2009-04-15 Thread Lyman Chapin

Ole,

You're not mistaken - the standard + format is defined in ITU-T  
Recommendation E.123 (http://www.itu.int/rec/T-REC-E.123/en).


- Lyman

On Apr 15, 2009, at 7:17 AM, Ole Jacobsen wrote:



I don't think an RFC is needed. Unless I am mistaken, the + format,
leaving out leading 0s was introduced by CCITT (now ITU) in the Red
Book back in 1984, perhaps even in earlier works.

Ole

Ole J. Jacobsen
Editor and Publisher,  The Internet Protocol Journal
Cisco Systems
Tel: +1 408-527-8972   Mobile: +1 415-370-4628
E-mail: o...@cisco.com  URL: http://www.cisco.com/ipj



On Wed, 15 Apr 2009, Iljitsch van Beijnum wrote:


On 14 apr 2009, at 16:37, IETF Secretariat wrote:

Be sure to make your reservation at one of the Stockholm hotels  
the IETF
has a block of rooms held.  Cutoff dates for the blocks are  
relatively

early.


No kidding: some are next week.


Hotel information can be found at:
http://www.ietf.org/meetings/75/hotels.html


Some of the phone numbers have a (0) in there.

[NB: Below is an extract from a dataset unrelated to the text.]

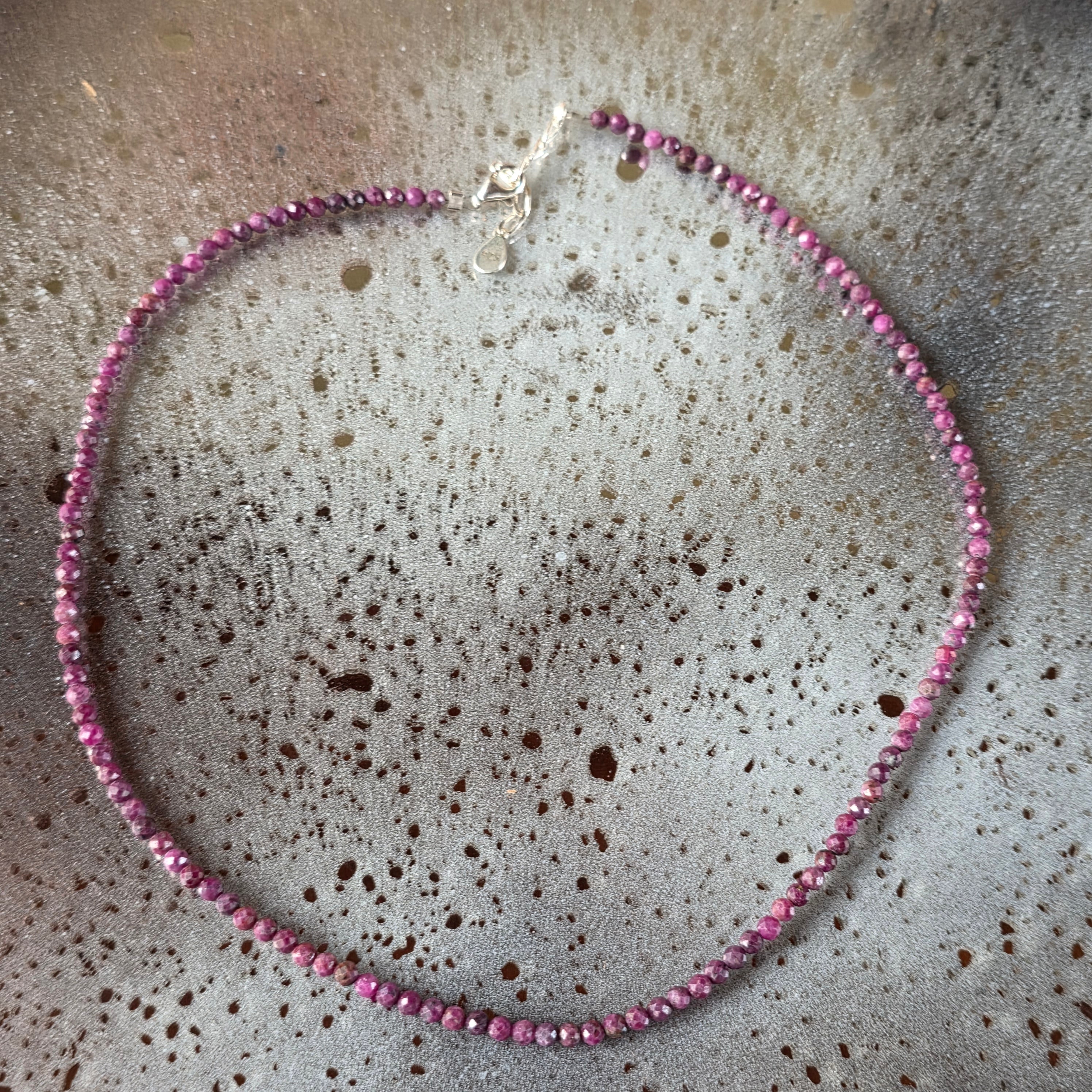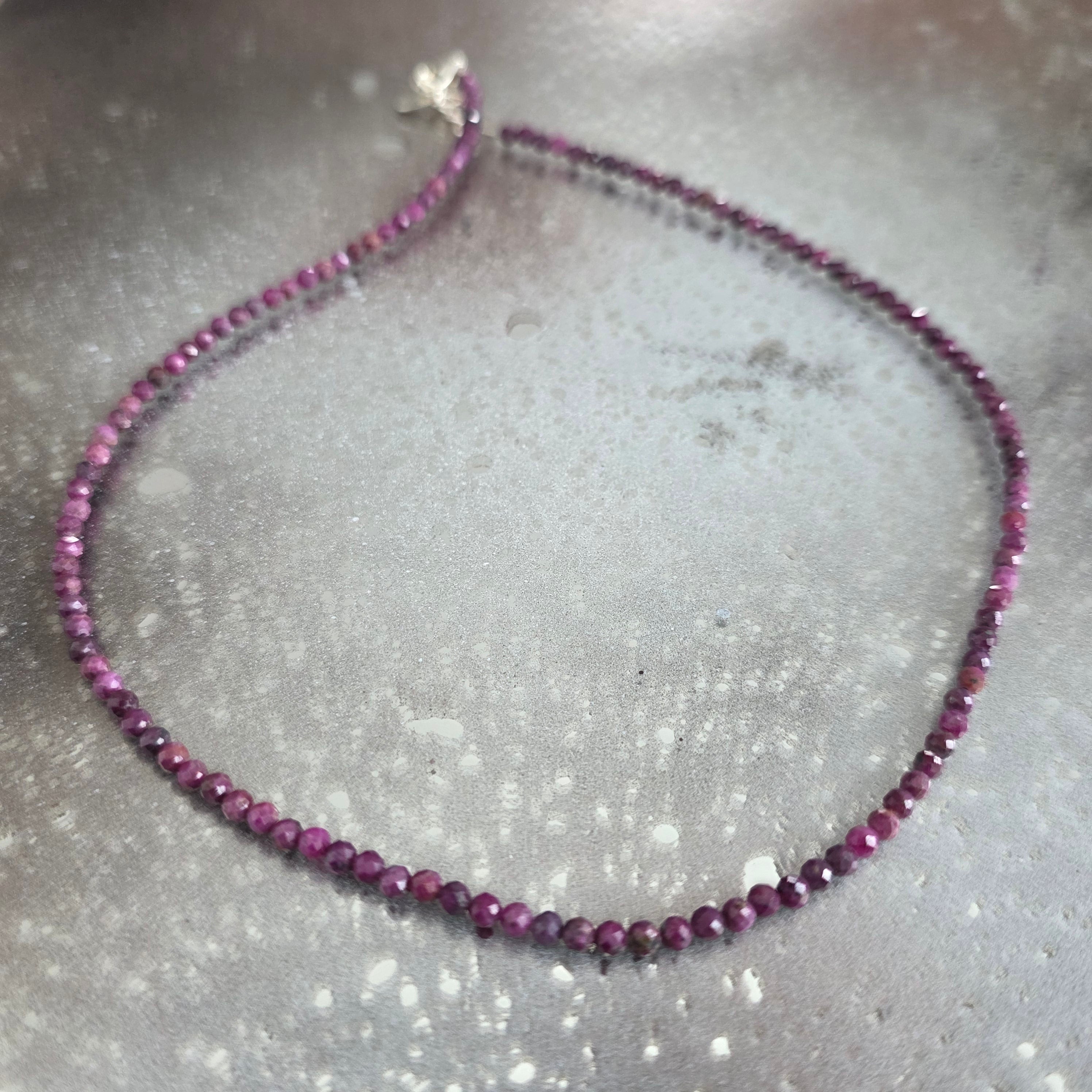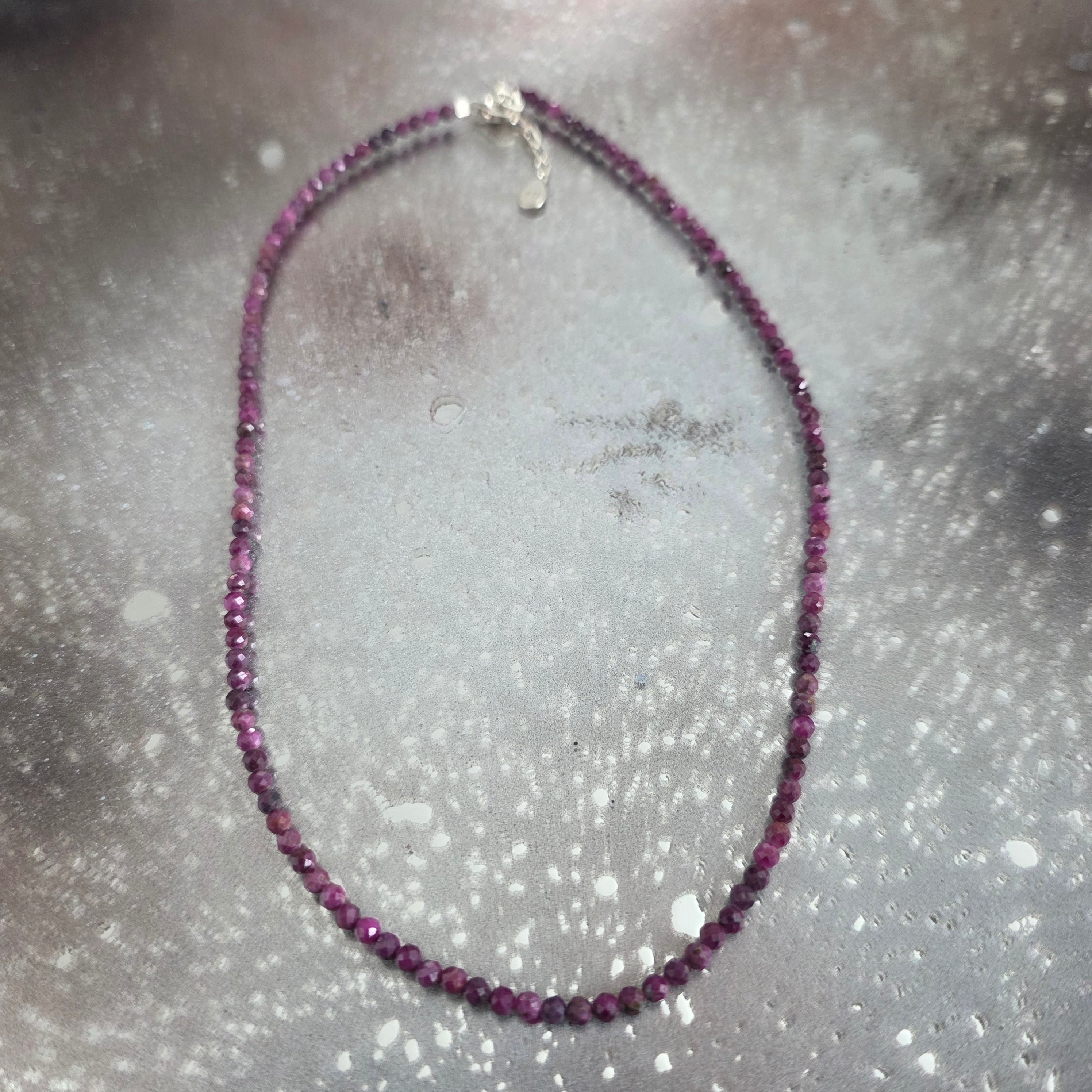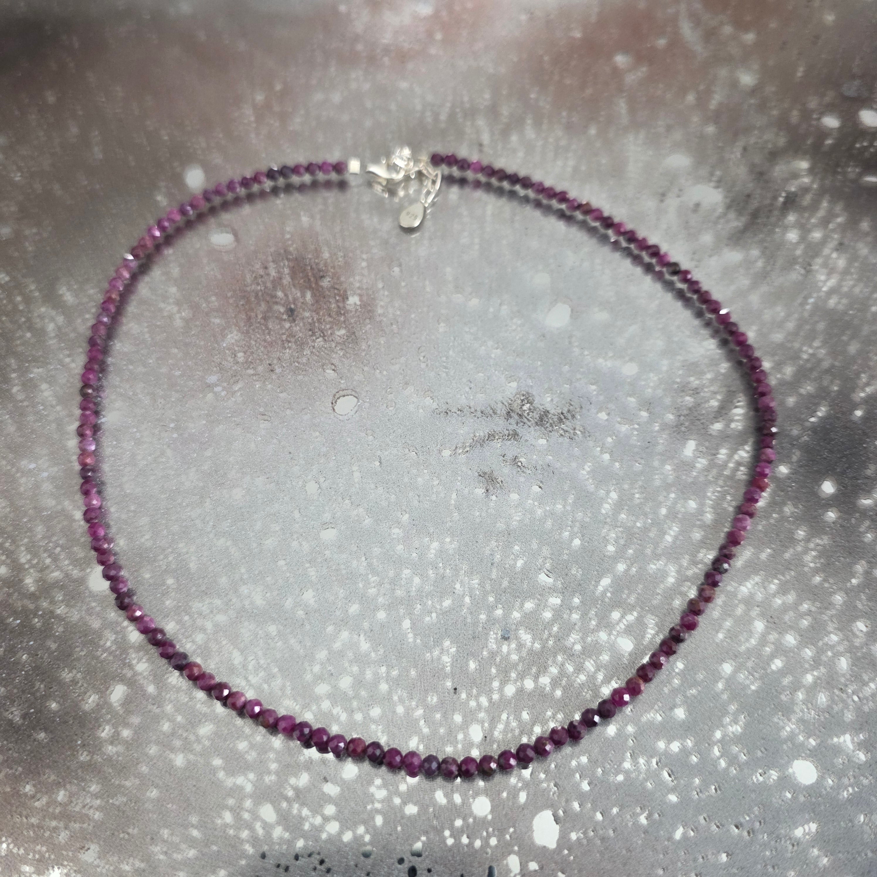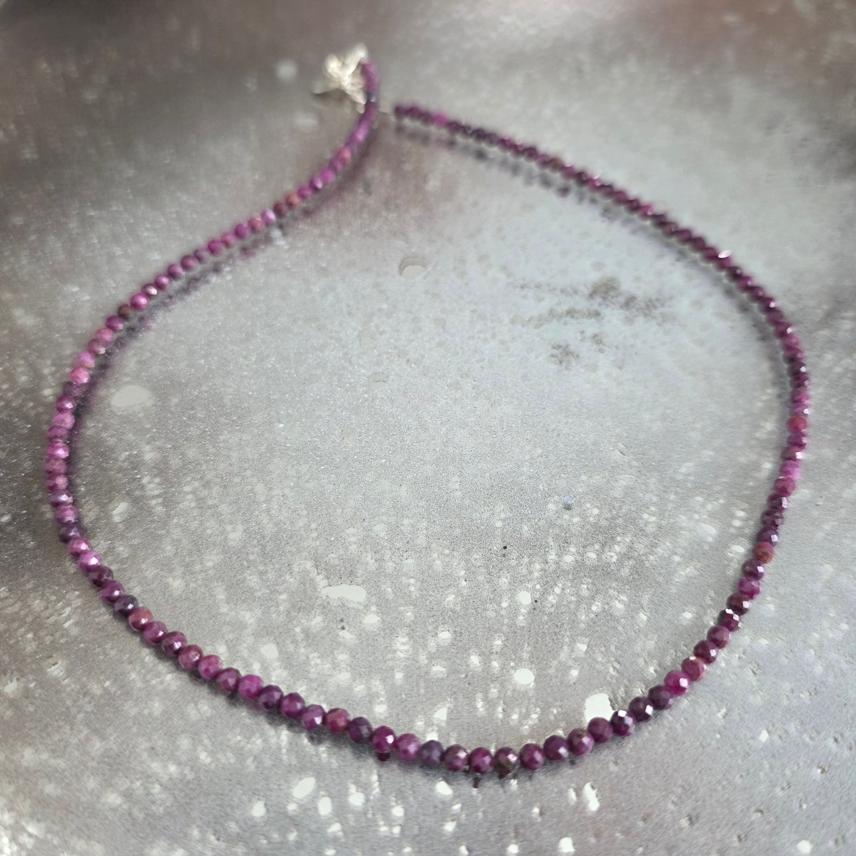 Un collar fino, pero con presencia, realizado con esferas facetadas de rubí natural de 3 mmen un tono profundo de cereza intensocon reflejos cálidos y casi reales. Cada pequeña perla silenciosa refleja la luz discretamente, como un susurro de pasión, de intención y de nobleza interior.

Is this the  
European (0) which
means if you don't know that you sometimes have to remove that 0  
you will get
some unlucky soul on the line who doesn't know why he gets so many  
crank
calls or the North American (xyz) which means it's a normal part  
of the

number?

(My phone number in Holland used to be 31073... and it took me  
years to figure
out why people would keep calling me over and over again when they  
clearly
needed someone else. But this person apparently decided that +31(0) 
73... was a

good way to write down their number +3173... / 073...)

Do we have an RFC for how to format phone numbers?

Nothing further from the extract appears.